Paul Newby
In this caper interviewing retired racing drivers is all in a day’s work. Nine times out of 10 the driver is easy to deal with but there is always someone who is, let us say, challenging... Expatriate Australian Trans Am racer Horst Kwech, who sadly died in December at the age of 82, was one of those drivers. Not that Kwech was difficult to deal with. On the contrary, I can’t think of a more engaging guy over a long distant call. It was just hard to pin him down for an interview. Let me explain.
As a lifelong Al sti I became aware of Horst Kwech when he wrote the forward for the definitive tome on the Alfa Romeo GTA racers,
Alleggerita. His exploits in the giant killing GTAs really helped establish Alfa Romeo as the enthusiast’s marque in the States. Not long after I read John Medley’s authoritative Bathurst,
Cradle of Australian Motor Racing and Kwech’s name was mentioned again. Was it the same guy? Did that American GTA racer really drive at Bathurst in the late 1950s? In those preinternet days it wasn’t always easy to decipher such information.

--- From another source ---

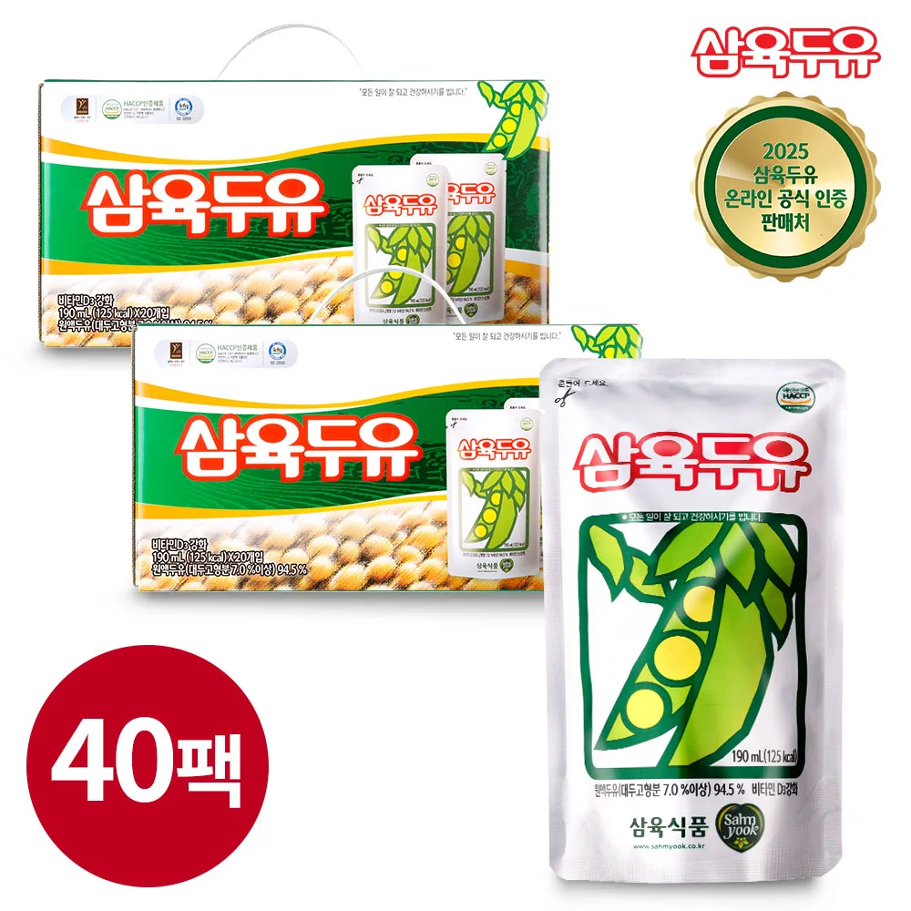 [삼육두유] 검은콩 앤 칼슘 두유 파우치 190ml x 40팩

Then I read Allan Moffat’s Scrapbook that mentions his dices in his Lotus Cortina against Kweck’s (sic) Alfa GTA. I wasn’t even aware of the connection with the DeKon Chevrolet Monza that Kwech and Lee Dykstra developed and Moffat raced. At an Alfa Club meeting where Moffat was a guest speaker I peppered him with questions about Kwech to his chagrin, though he took it in good humour and still signed my book.
It wasn’t until I discovered The Nostalgia
Forum in 2003 that I began to understand
Kwech’s career stateside. Apart from the Alfas, there were Trans-Am Mustangs, a F5000 Lola, Ford Capris, the aforementioned Monzas and even single seater Can Am racers. AMC’s very own Brett Jurmann had some knowledge but veteran journalists like Ray Bell and the late Barry Lake knew very little. One thing was certain, none of them had ever interviewed Kwech.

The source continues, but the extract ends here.